**What you have to do:**
Transcribe the records below word for word, beginning with the first line and stopping after the line that contains "Poised above Bel"; pictures are not part of the copy.

**Exercise input:**
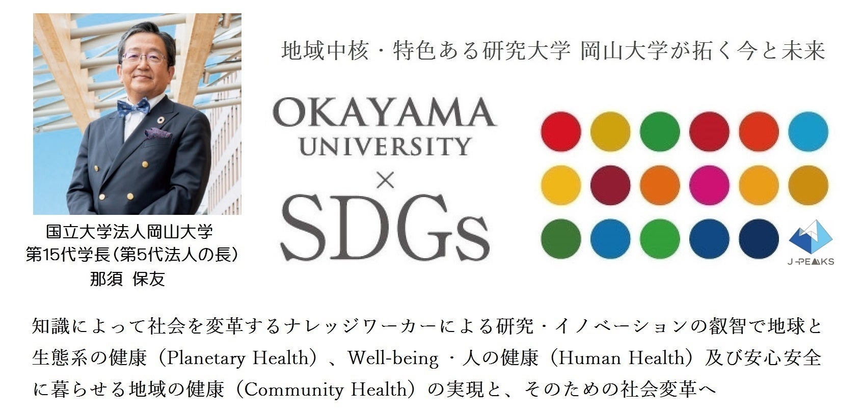 - 岡山大学 文部科学省「地域中核・特色ある研究大学強化促進事業(J-PEAKS)」に採択~地域と地球の未来を共創し、世界の革新の中核となる研究大学:岡山大学の実現を加速とともに世界に誇れる我が国の研究大学の山脈を築く~
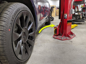 NoteEnsure vehicle is not charging before lifting it off the ground, Set air suspension to "Jack Mode" if equipped
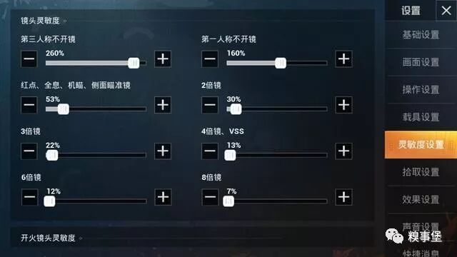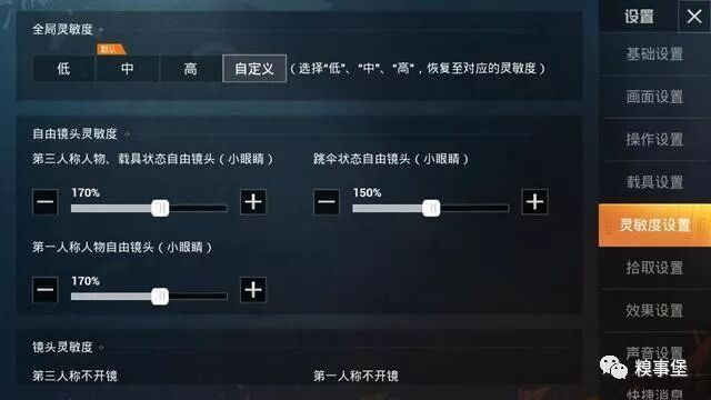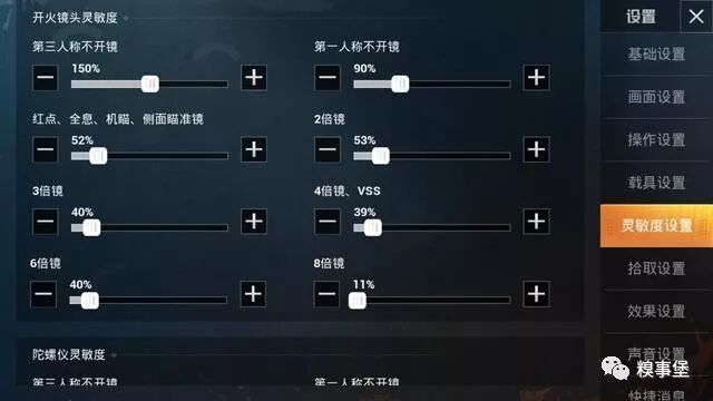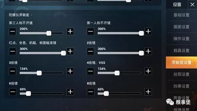 3、灵敏度设置:可根据手机机型和操作手法的不同在此灵敏度基础上上下浮动3到7个点
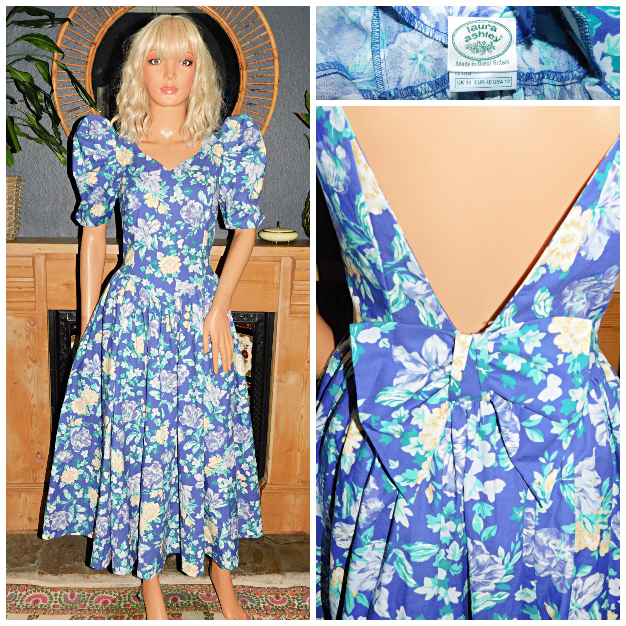Vintage 80s LAURA ASHLEY Blue Yellow BOW Back Floral Cotton Tea Dress 10 12 S M 1980s
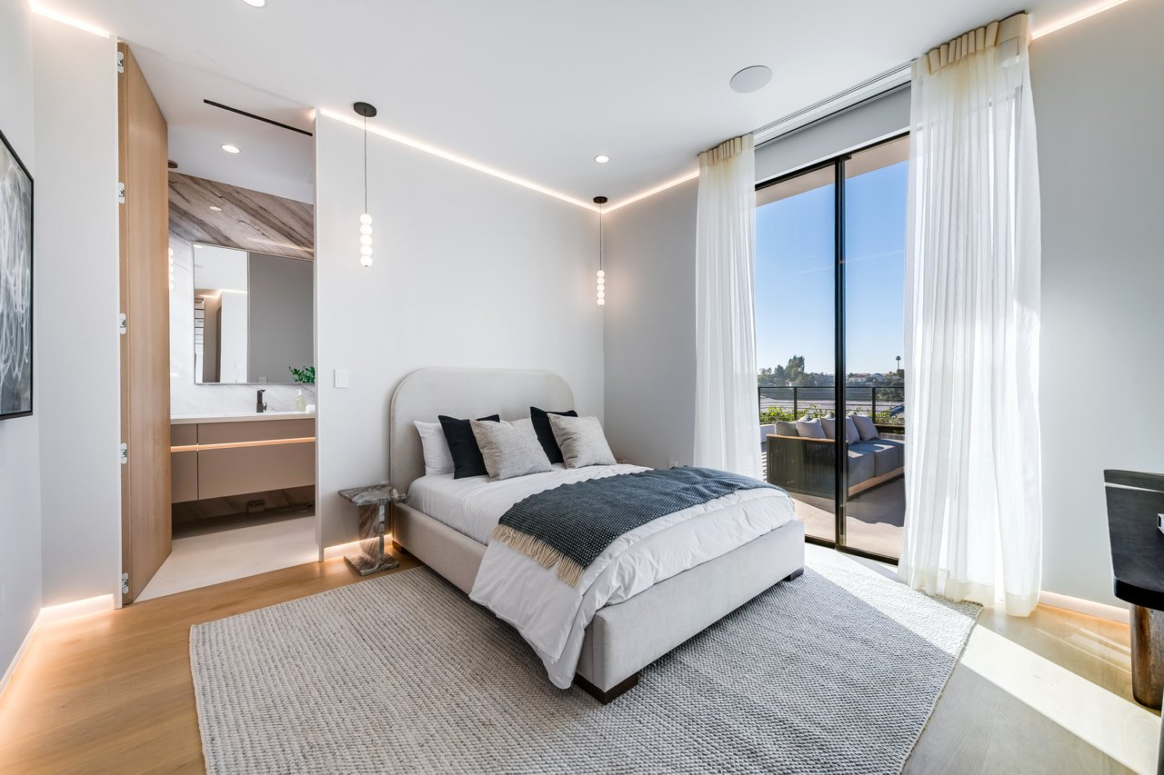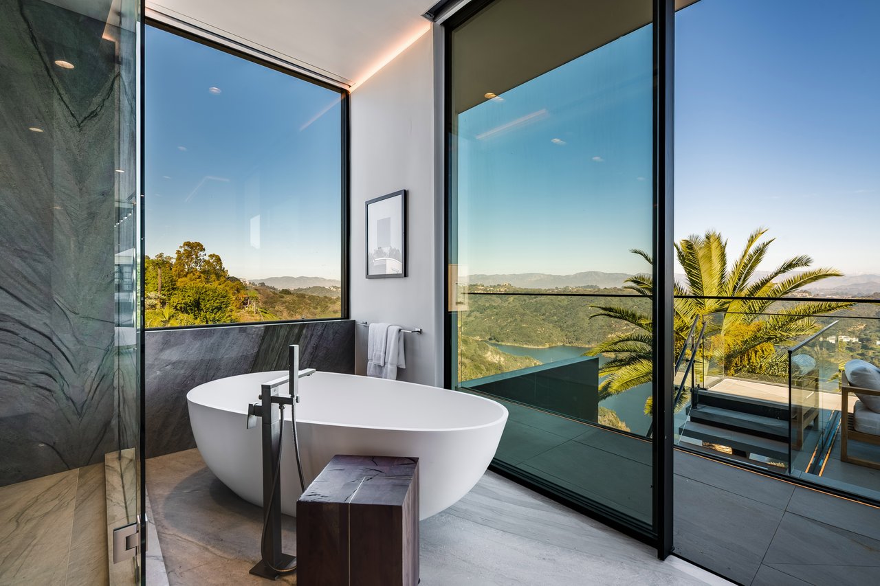 Poised above Bel Air with sweeping city, canyon, and reservoir views, this contemporary architectural estate is defined by luminous design, sculptural form, and a refined connection to nature. Approached through a double-gated entry and expansive motor court, the residence reveals a striking faca...
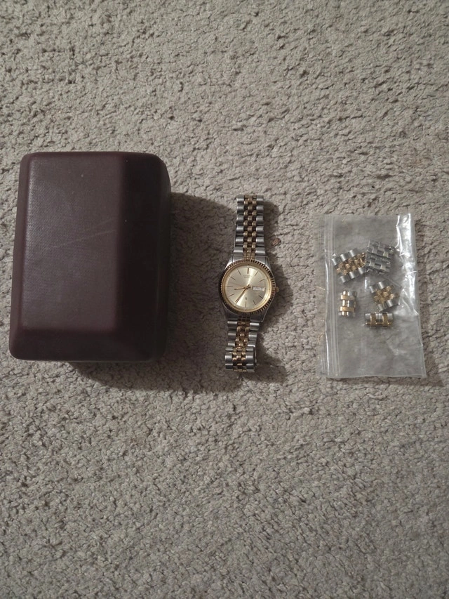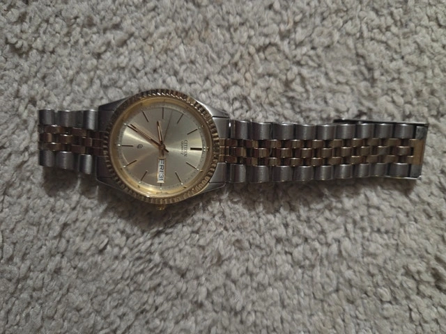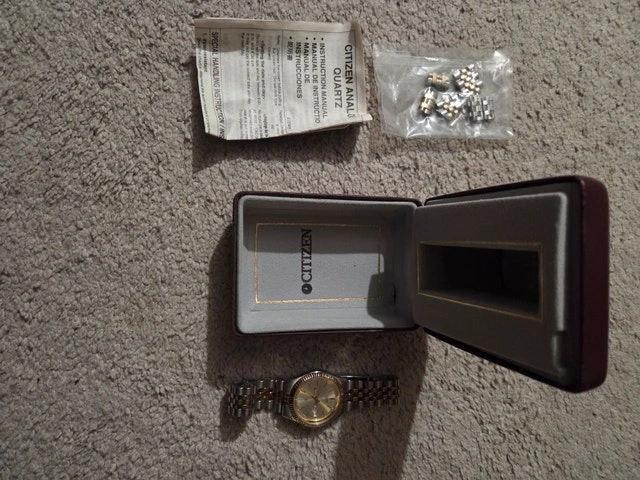 A rare, investment-grade Citizen Quartz (Model 1102-S023017) in exceptional, fully functional condition. This is not just a watch; it is a complete time-capsule set including all original accessories. Fully Working with a brand-new battery just installed. The movement keeps perfect time. Pristine gold-and-silver finish with zero fading or plating wear. The fluted bezel and jubilee bracelet are sharp and vibrant. The "Full Kit" Includes: Original Citizen presentation box, Original instruction manual/booklet, Original extra bracelet links for easy resizing. Features: Elegant fluted bezel, Jubilee-style bracelet, and Day/Date complication. This is a premium, ready-to-wear piece for a serious collector or someone looking for a high-end vintage aesthetic without the "project watch" risks. For Sale By: Owner
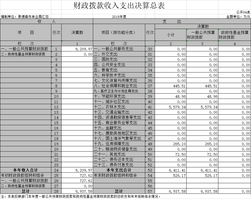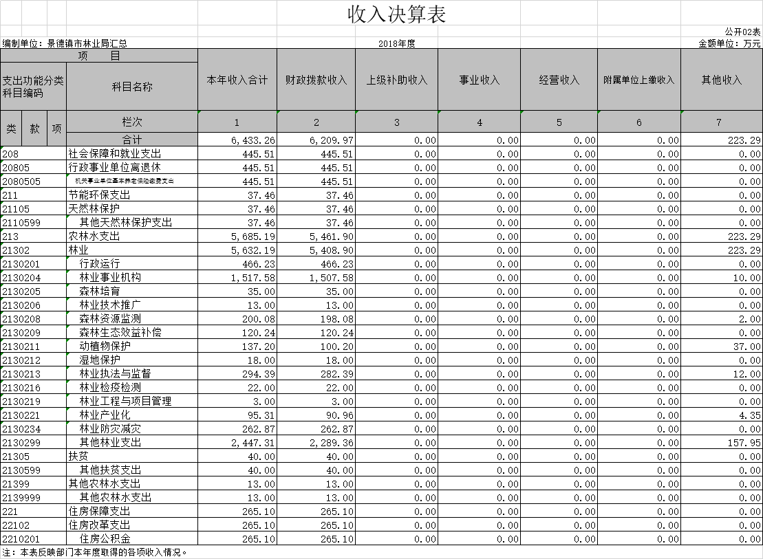 本部门2018年度收入总计7184.75万元,其中年初结转和结余727.62万元,较2017年减少2512.49万元,下降25.91%;本年收入合计6433.26万元,较2017年减少2045.08万元,下降24.12 %,主要原因是:枫树山林场的财政拨款比上年减少,其他收入(经营收入)比上年减少近2000万元。

**Answer for this exercise:**
 - 岡山大学 文部科学省「地域中核・特色ある研究大学強化促進事業(J-PEAKS)」に採択~地域と地球の未来を共創し、世界の革新の中核となる研究大学:岡山大学の実現を加速とともに世界に誇れる我が国の研究大学の山脈を築く~
 NoteEnsure vehicle is not charging before lifting it off the ground, Set air suspension to "Jack Mode" if equipped
 3、灵敏度设置:可根据手机机型和操作手法的不同在此灵敏度基础上上下浮动3到7个点
Vintage 80s LAURA ASHLEY Blue Yellow BOW Back Floral Cotton Tea Dress 10 12 S M 1980s
 Poised above Bel Air with sweeping city, canyon, and reservoir views, this contemporary architectural estate is defined by luminous design, sculptural form, and a refined connection to nature. Approached through a double-gated entry and expansive motor court, the residence reveals a striking faca...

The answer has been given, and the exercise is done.